Walensky likens BAX to a grenade. “It sits in the cytoplasm, locked down, waiting to be activated. When the signal comes, BAX is unleashed and the cell dies.” 

Walensky’s team has dissected every step of that pathway, searching out its intricacies. They reported a major advance in 2020 in the journal Cell. Over the years, they have reported advances in dozens of publications, from Nature, to Molecular Cell, to Cell Reports, to Nature Communications

It turns out that BAX is activated when one of its cysteine amino acids, dubbed Cys 126, reacts covalently with a particular lipid molecule on the mitochondrial membrane. While the discovery was important for what it revealed about the triggering mechanism of BAX, it was even more significant for what it implied: Find a small molecule that reacts with BAX Cys 126, and it might be possible to control BAX itself — to upregulate or downregulate its activity. 

Looking for a bridge 

With the lab of James Wells, PhD, of the Helen Diller Family Comprehensive Cancer Center at the University of California at San Francisco, Walensky’s team screened hundreds of small molecules to see if any could form a disulfide “bridge” — a link between the molecules’ sulfur atoms and BAX Cys 126. They found one that established a particularly strong bridge — CBI1. 

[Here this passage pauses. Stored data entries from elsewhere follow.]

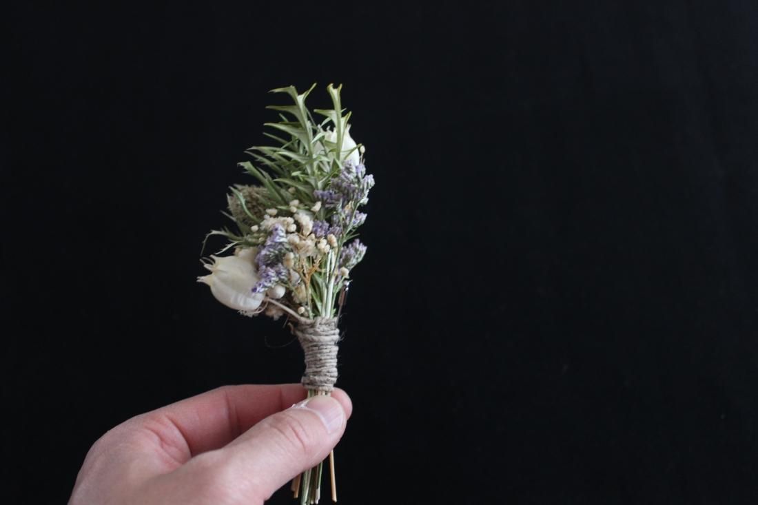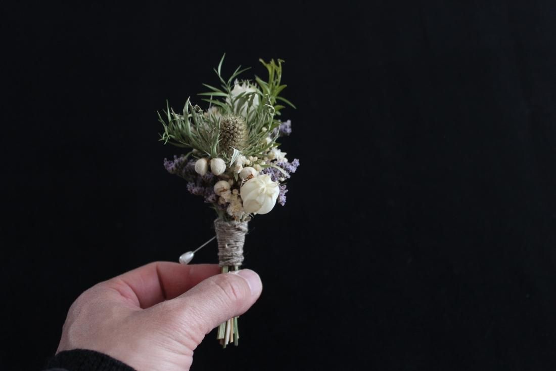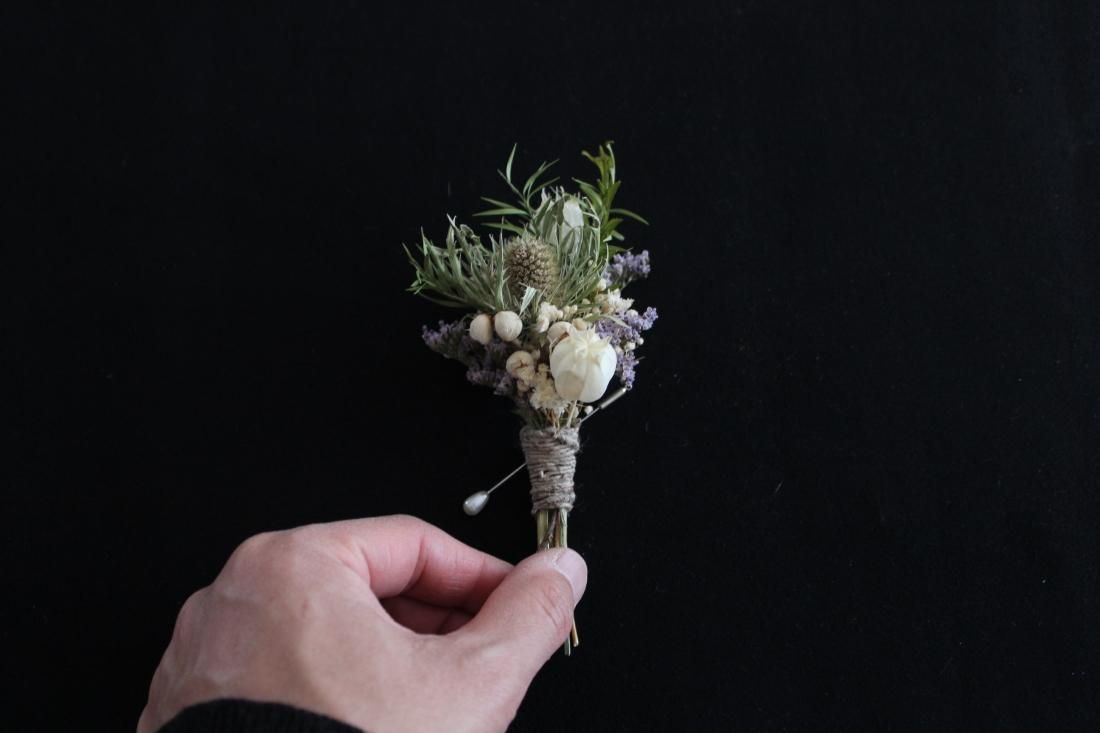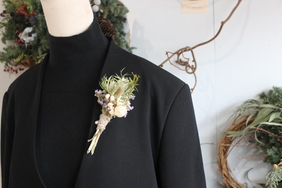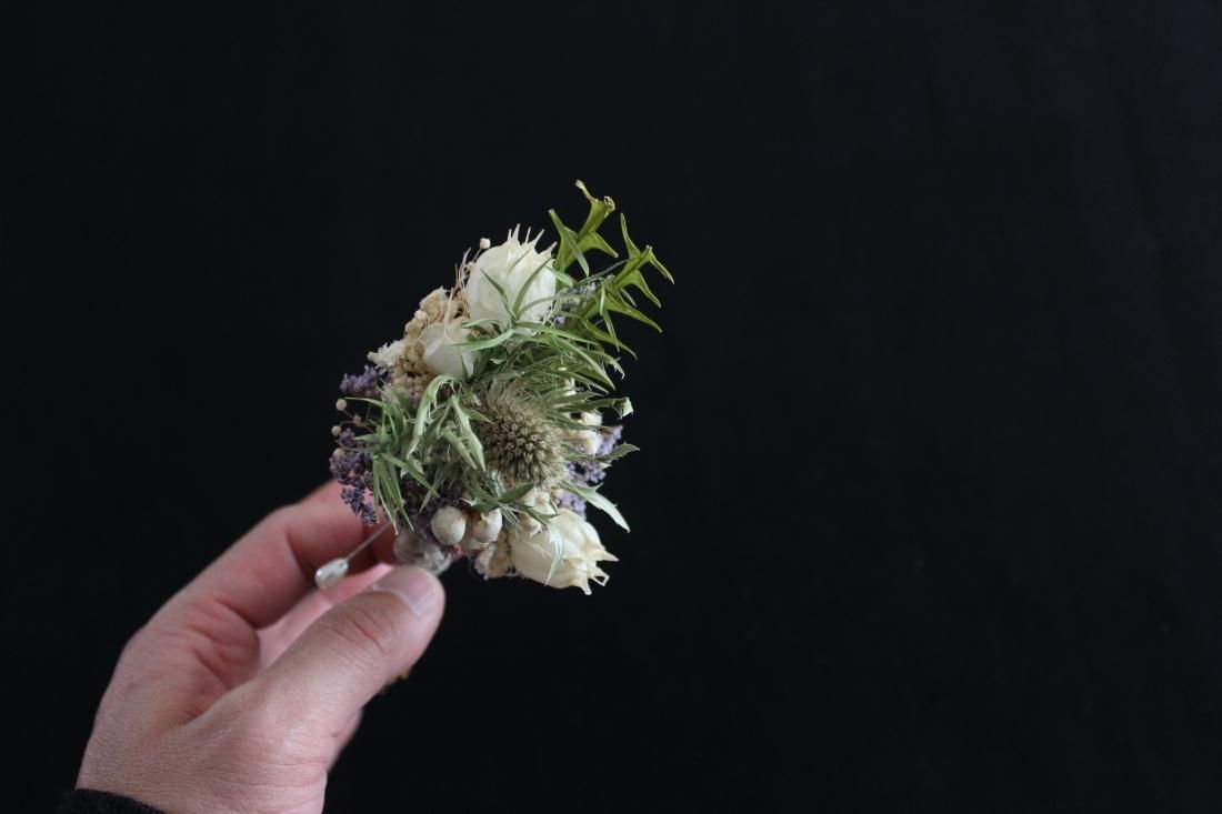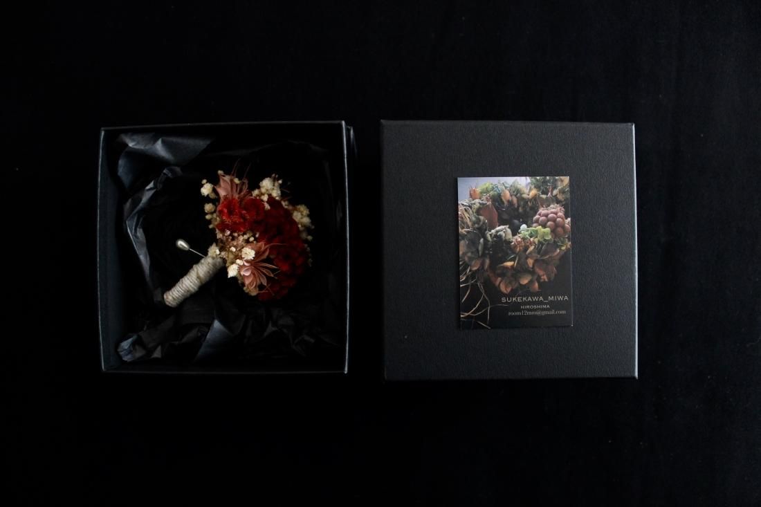 手のひらにおさまる大きさのコサージュです。プリザーブドフラワーでつくられた小さなブーケ、シックな色合いに大人の品を感じます。
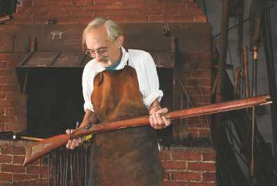 press photo by ed courrierBlacksmith Phil Trabel holds one of two custom hooks he forged for a customer Sept. 4. at the 1750 Smithy at Main Street and Ohio Road. Run by Historic Bethlehem Museum & Sites the reconstructed smithy is used by trained blacksmiths for metalworking demonstrations, blacksmithing classes, and to perform custom work. For more information, visit historicbethlehem.org or call Copyright - &Copy; Ed Courrier
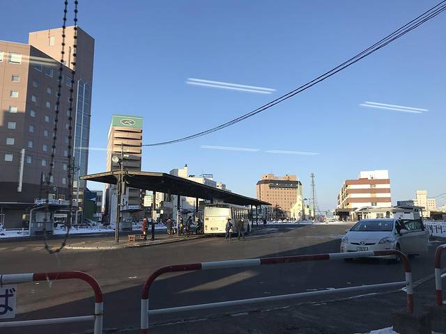 我们乘坐的道东三湖的阿寒巴士发车站台是15号,在站台就可以看到我们住的酒店,绿色楼顶的便是
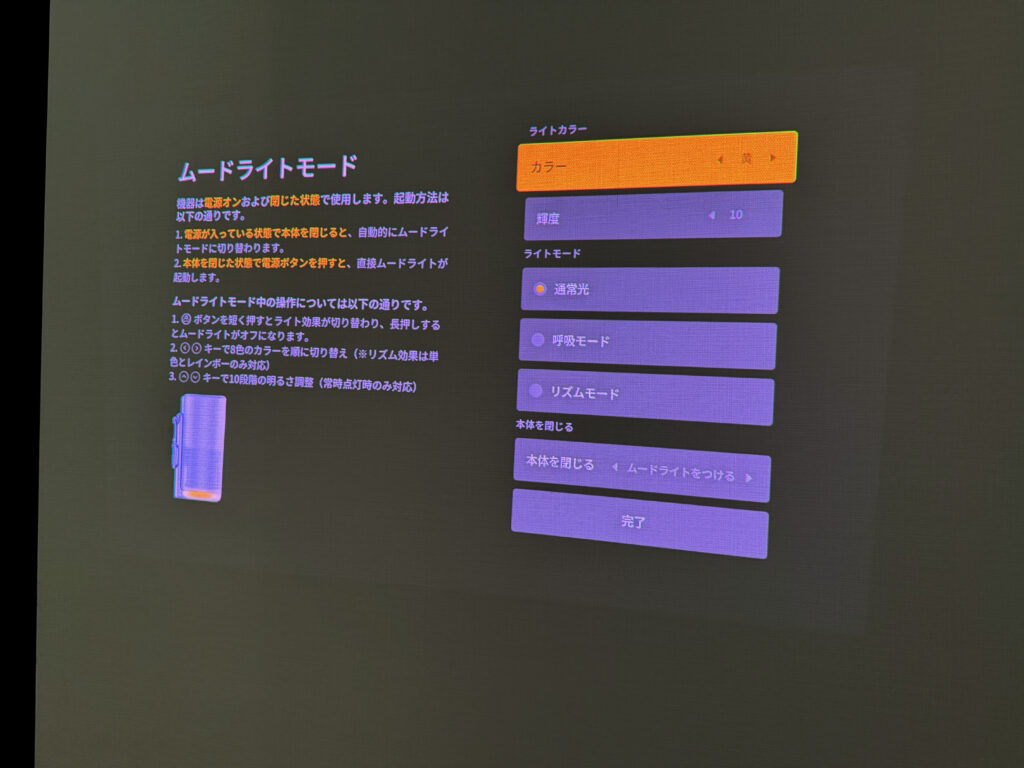 本体を閉じるとムードライトモードいう
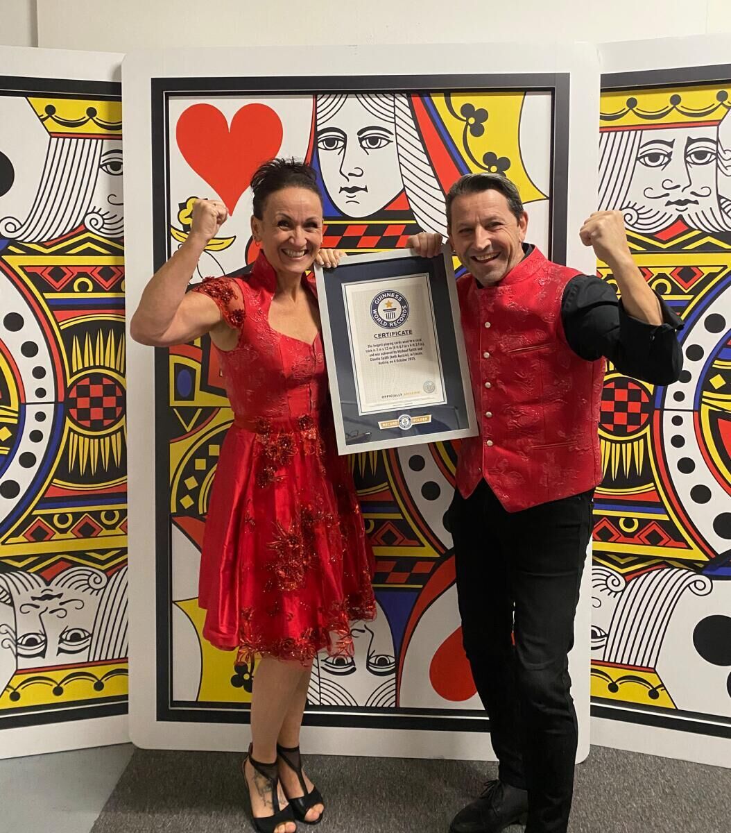 Seit Oktober sind die beiden offiziell Guinness World Record Holders für ihren Weltrekord mit den größten Spielkarten, die je für einen Kartentrick benutzt wurden. Sie sind damit gleichzeitig die ersten österreichischen Magier mit einem anerkannten Guinness-Titel. Ihr neue Show bietet überraschende Illusionen, Situationskomik und natürlich darf auch ihr Publikumsliebling, das Huhn Henrietta, nicht fehlen. Die Show beginnt am 1. Februar um 15 Uhr, Karten kosten 20 Euro für Erwachsene sowie 15 Euro für Kinder. Mehr Infos zum Künstlerpaar und den Karten gibt es unter www.claudiaandmichaellate.com
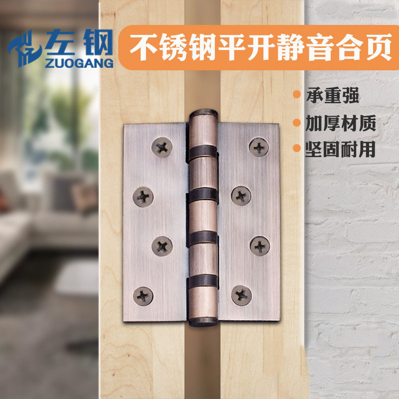 Engsel datar baja tahan karat tebal dari baja kiri 4-inci bebas lubang aksesori bantalan pintu senyap grosir perangkat keras
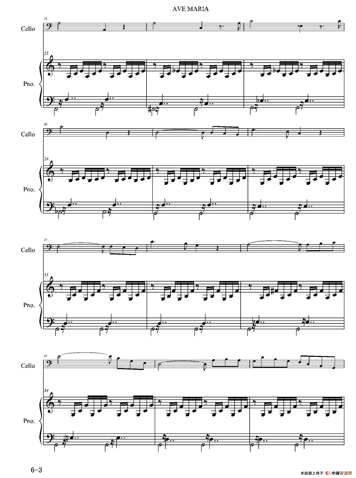 Ave Moria(圣母颂)(大提琴独奏+钢琴伴奏)相关五线谱

The researchers had good reason to believe that CBI1 could influence BAX’s activity, but whether it would dial that activity up or down was an open question. It turned out that unlike the mitochondrial lipid, which has a stimulatory effect, CBI1 suppresses BAX. These opposite effects occurred even though the lipid and CBI1 engage with the exact same cysteine on BAX. 

“The first small molecule covalent mechanism shown to be capable of modulating BAX unexpectedly turns out to have an inhibitory effect,” Walensky states. 

The researchers then showed that CBI1 achieves this effect through two distinct mechanisms: 

1) When it reacts with Cys 126, CBI1 prevents BAX from changing shape.  

Unable to shift from an idle configuration to an active one, BAX can’t become an oligomer that gouges holes in the mitochondria and triggers apoptosis. 

2) CBI1 directly competes with the mitochondrial lipid to react with Cys 126. The result is that the lipid’s stimulatory effect on BAX is blocked. 

With CBI1, researchers now have a starting point for the development of the first drugs for inhibiting BAX by a covalent mechanism. Such drugs would be especially valuable for treating diseases marked by a mass die-off of cells. They could also potentially be used to protect healthy cells from the damaging effects of cancer chemotherapy and radiation therapy, the researchers say.